*** Opening of WORKING DATA ***
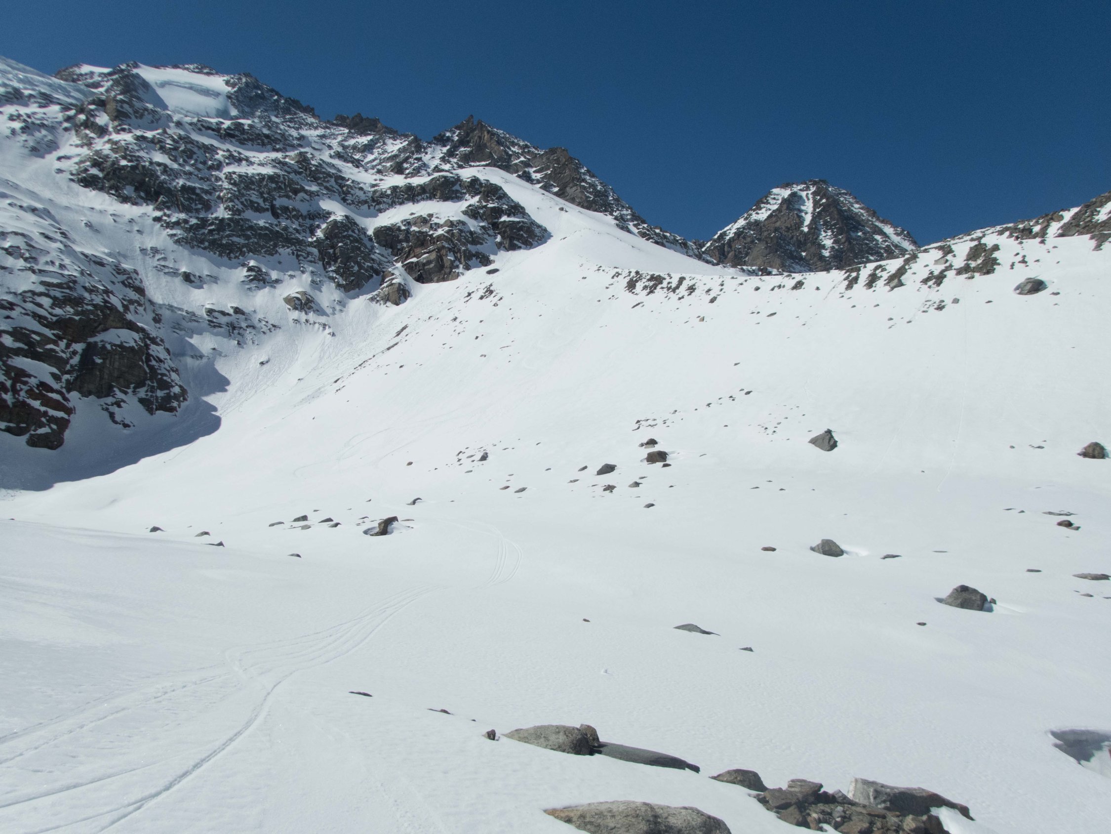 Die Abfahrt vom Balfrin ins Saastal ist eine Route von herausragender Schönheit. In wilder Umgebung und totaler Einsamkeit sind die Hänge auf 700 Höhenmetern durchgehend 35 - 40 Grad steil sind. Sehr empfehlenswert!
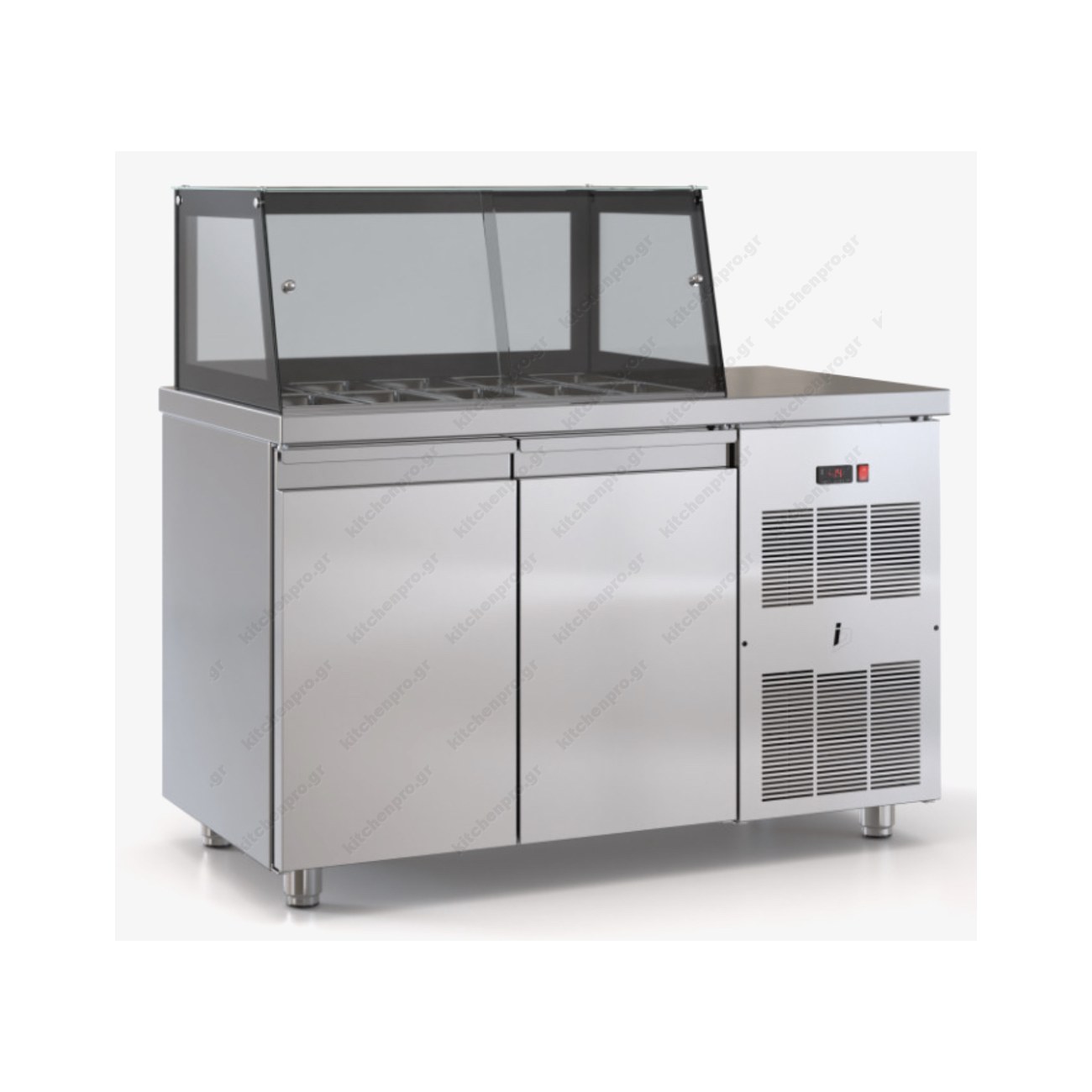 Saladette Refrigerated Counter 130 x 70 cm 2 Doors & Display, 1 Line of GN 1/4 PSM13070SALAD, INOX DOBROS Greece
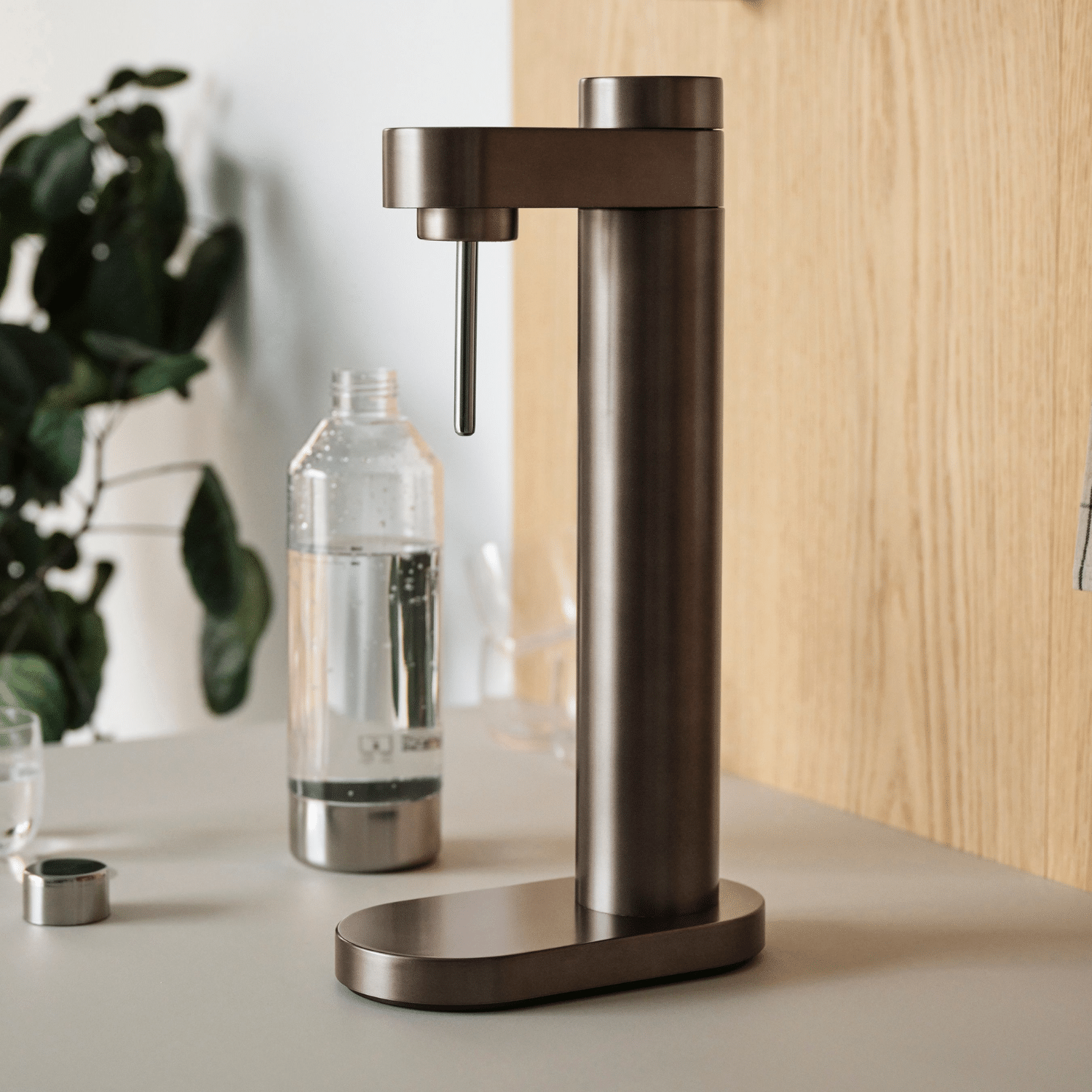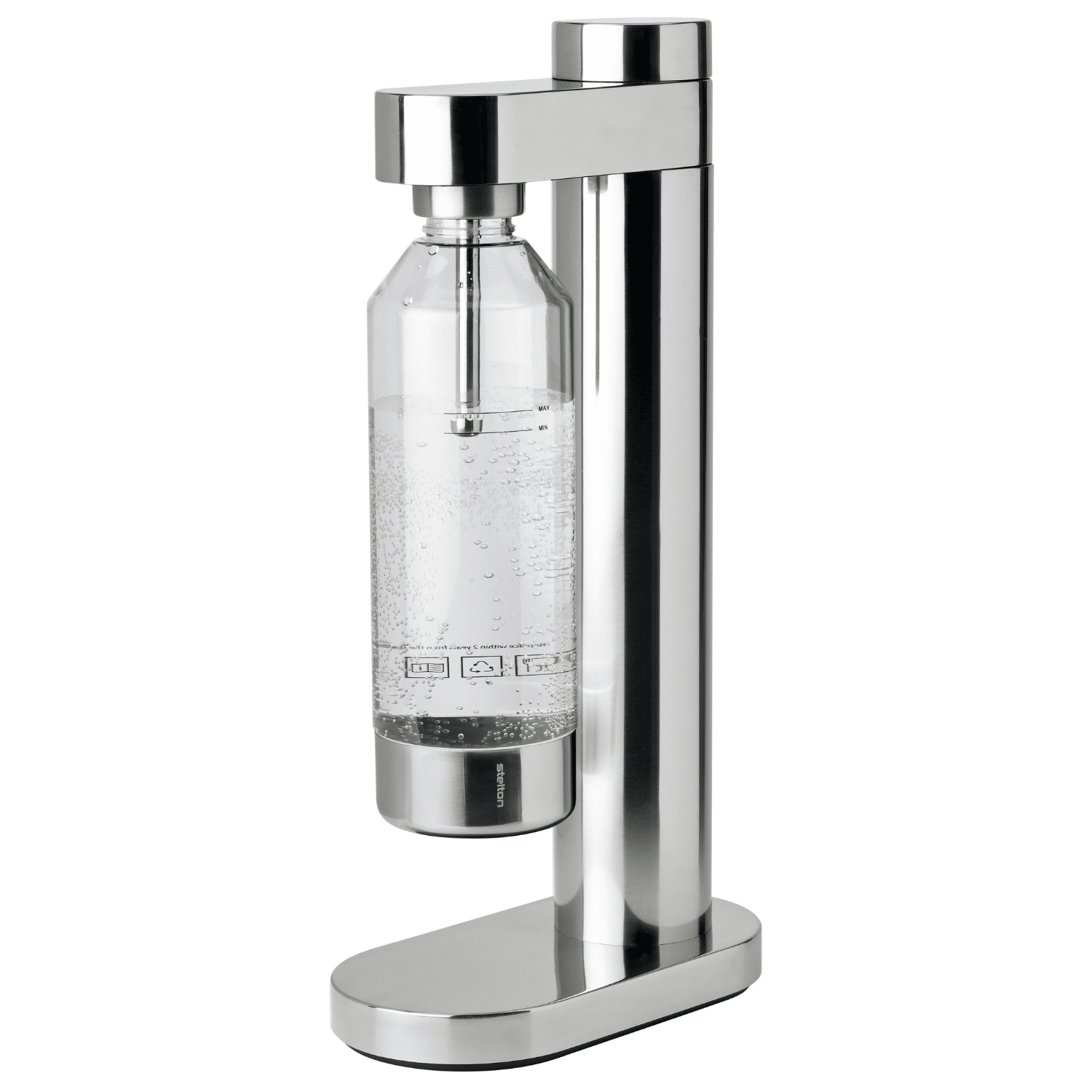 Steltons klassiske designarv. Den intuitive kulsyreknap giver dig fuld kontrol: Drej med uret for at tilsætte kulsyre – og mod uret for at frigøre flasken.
*** Close of WORKING DATA ***
*** Opening of WORKING DATA ***
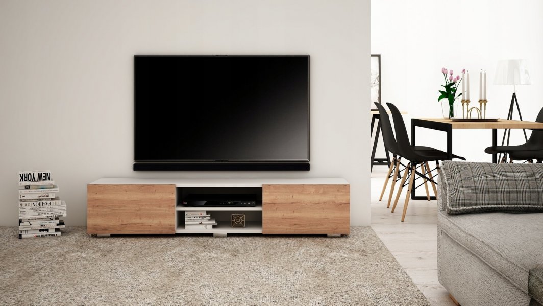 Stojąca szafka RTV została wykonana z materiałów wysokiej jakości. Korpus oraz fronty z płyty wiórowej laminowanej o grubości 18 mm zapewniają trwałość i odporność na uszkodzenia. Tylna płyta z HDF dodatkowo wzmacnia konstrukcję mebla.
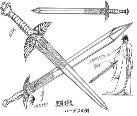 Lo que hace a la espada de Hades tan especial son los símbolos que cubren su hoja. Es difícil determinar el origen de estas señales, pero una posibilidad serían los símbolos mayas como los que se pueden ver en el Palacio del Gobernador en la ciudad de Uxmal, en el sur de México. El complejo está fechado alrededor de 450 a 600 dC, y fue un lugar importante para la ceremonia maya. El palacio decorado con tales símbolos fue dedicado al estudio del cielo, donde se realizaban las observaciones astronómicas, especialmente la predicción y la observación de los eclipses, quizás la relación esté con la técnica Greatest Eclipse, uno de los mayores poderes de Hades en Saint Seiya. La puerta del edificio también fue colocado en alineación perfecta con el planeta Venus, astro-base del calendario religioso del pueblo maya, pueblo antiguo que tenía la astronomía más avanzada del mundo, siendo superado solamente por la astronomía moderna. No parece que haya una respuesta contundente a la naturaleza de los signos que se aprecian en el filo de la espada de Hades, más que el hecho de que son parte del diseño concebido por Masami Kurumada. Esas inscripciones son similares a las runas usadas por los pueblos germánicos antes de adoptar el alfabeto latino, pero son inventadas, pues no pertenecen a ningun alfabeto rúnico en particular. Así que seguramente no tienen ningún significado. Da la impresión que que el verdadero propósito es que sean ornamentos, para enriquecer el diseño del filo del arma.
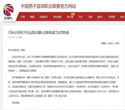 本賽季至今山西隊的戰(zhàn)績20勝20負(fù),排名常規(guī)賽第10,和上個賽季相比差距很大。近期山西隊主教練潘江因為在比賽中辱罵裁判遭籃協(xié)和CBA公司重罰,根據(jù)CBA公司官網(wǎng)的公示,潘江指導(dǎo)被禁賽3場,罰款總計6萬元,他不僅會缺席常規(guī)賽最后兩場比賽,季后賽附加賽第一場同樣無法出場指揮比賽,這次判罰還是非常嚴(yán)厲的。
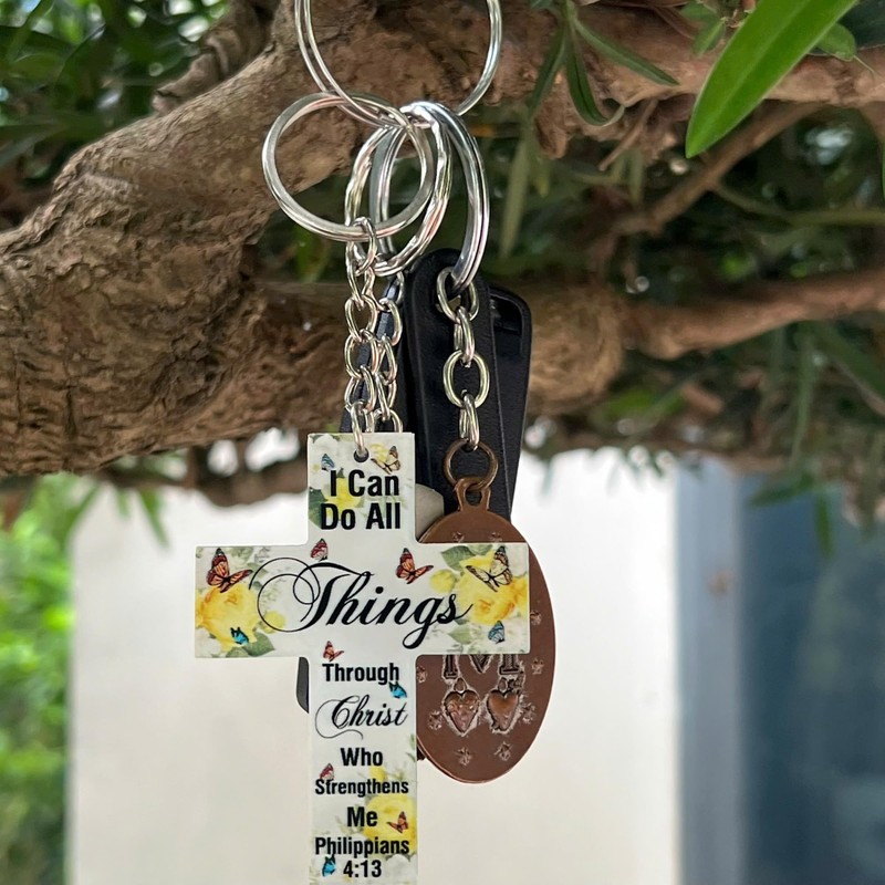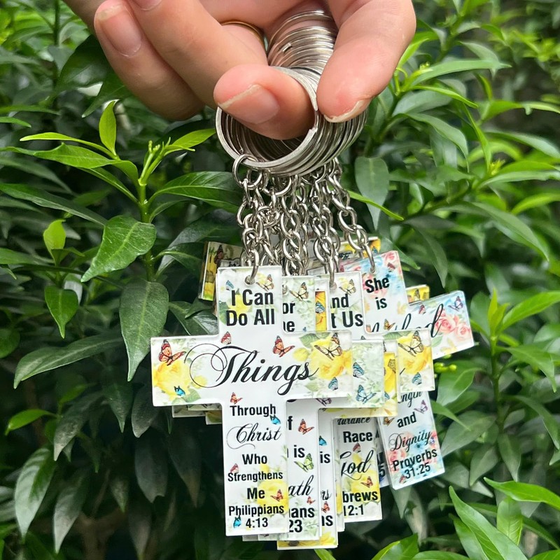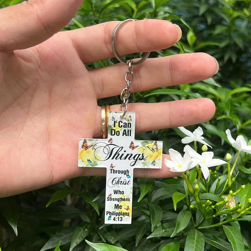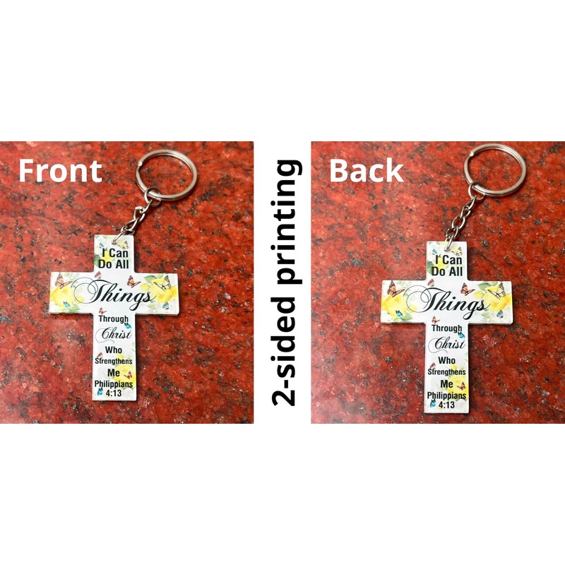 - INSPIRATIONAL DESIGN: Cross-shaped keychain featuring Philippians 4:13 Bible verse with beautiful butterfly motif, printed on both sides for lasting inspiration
*** Close of WORKING DATA ***
WHAT THE TASK REQUIRES: Only the lines starting at the one that includes "Saladette Refrigerated Counter" and ending at the one that includes "Steltons klassiske designarv." should be retyped, exactly, from the records above; no pictures.

ANSWER SPACE:
 Saladette Refrigerated Counter 130 x 70 cm 2 Doors & Display, 1 Line of GN 1/4 PSM13070SALAD, INOX DOBROS Greece
 Steltons klassiske designarv. Den intuitive kulsyreknap giver dig fuld kontrol: Drej med uret for at tilsætte kulsyre – og mod uret for at frigøre flasken.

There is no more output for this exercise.